For me, life is a daily learning process. I am constantly evolving as a person, and I believe that over time, I have hopefully become more self aware. Here are a few things I’ve learned so far in the time I’ve spent with myself so far:
- Writing will forever be my therapy
- I will never master the art of drinking coffee without spilling a bit on myself
- Or tea
- Or any food/beverage, for that matter
- Reading is my inspiration for future writing
- I may never understand the world, but I sure have my opinions about it
I wrote a blog post recently about how we are taught by society that we should want to find that one person to spend our lives with, but I believe that we are free to have our own life goals. That said, I have a confession to make:
My future self totally wants to find a cool person to spend my time with.
The thing is: People always say, “You should be happy alone before you can be happy with someone else.” This piece of advice totally contradicts the famous “You complete me” romantic movie theme. Which idea do you agree with? Personally, I prefer the first one.

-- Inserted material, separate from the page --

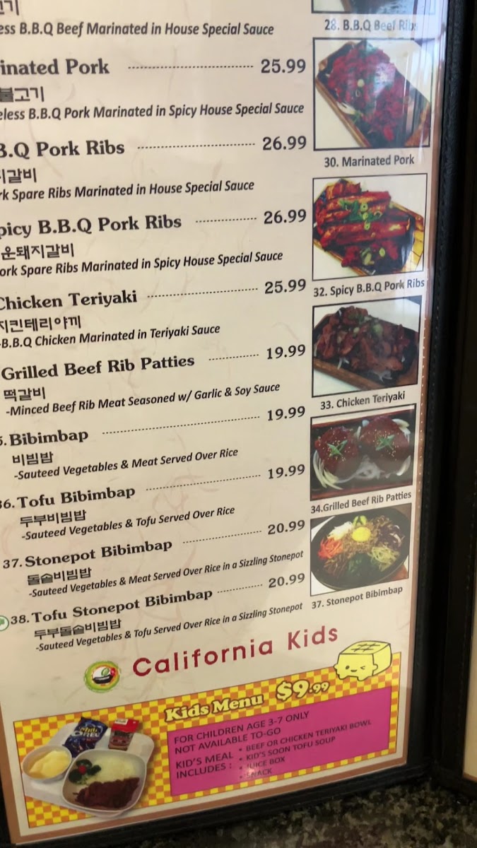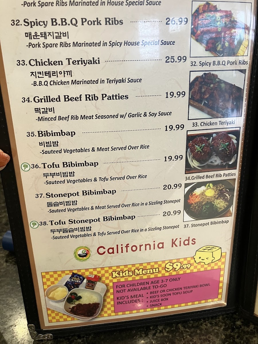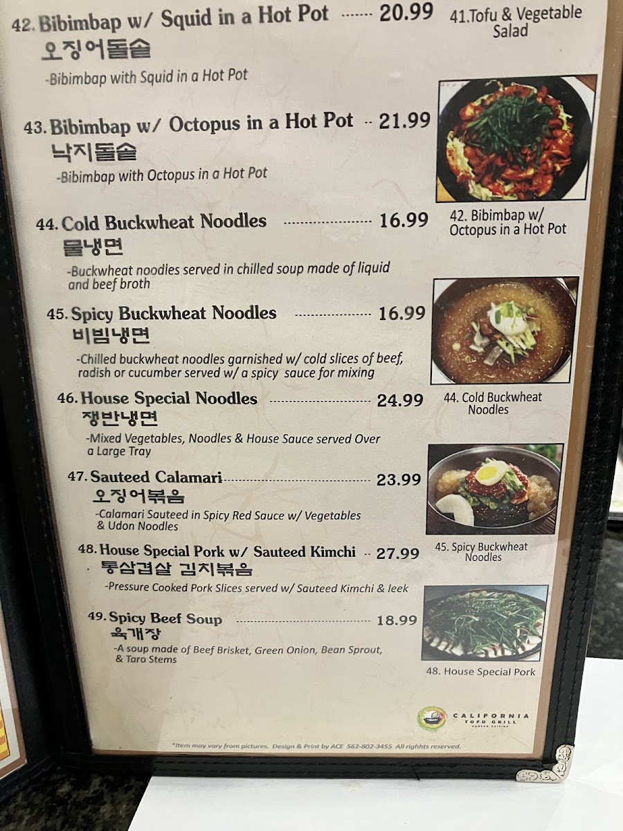The menu at California Tofu Grill offers a straightforward, comforting selection of Korean classics centered around soon tofu and grilled dishes. It’s a place where you can enjoy hearty combination meals like chicken teriyaki with tofu soup or explore the rich flavors of spicy pork and bulgogi in a relaxed, casual setting.

In life, millions are searching for outward sources of happiness. The perfect job. The perfect house. Boyfriend. Girlfriend. The perfect body. The perfect outfit. Advertisements sell us the idea from birth that we need things to make us happy. Yet when we realize that our purchases don’t make us happy, what do we do? Buy more things. We grow up to be consumers, searching for happiness outside of ourselves. If we live that way, we may never be happy.
I’ve been guilty of believing that I need to look outside myself to be happy. I don’t know about your life experiences, but there is emptiness in it, and the emptiness can outweigh the possible happiness.
Say we have realized that buying things to make ourselves happy is unhealthy. What’s the next best way to make us happy? Relationships. Finding a person to “complete us” sounds romantic. It’s not. I want to be complete on my own. I’m still figuring myself out. I don’t have time to figure someone else out at the same time.
Dating someone in hopes that he or she will fulfill your deepest desires is putting a lot of pressure on someone else. Instead of finding someone to “complete you,” wouldn’t it be better to find someone who complements you? To me, that’s more attainable.
Society pressures us to crave relationships before we’ve figured ourselves out. Movies tell us that we are not happy until we’ve found someone who completes us (because apparently we’re not complete alone?). If we’re not married before a certain age (25, 30, 35, whatever age the judgmental person decides), we are pitied or scolded to “settle down.” All because we have been taught that we need to look outside ourselves for happiness in life.
Figuring myself out is a lifelong process. Part of that process is making myself happy. I can be happy doing yoga, writing poetry, blogging, reading the Hunger Games series. I am working to complete myself. It’s a journey, and I know I’ll reach my destination eventually.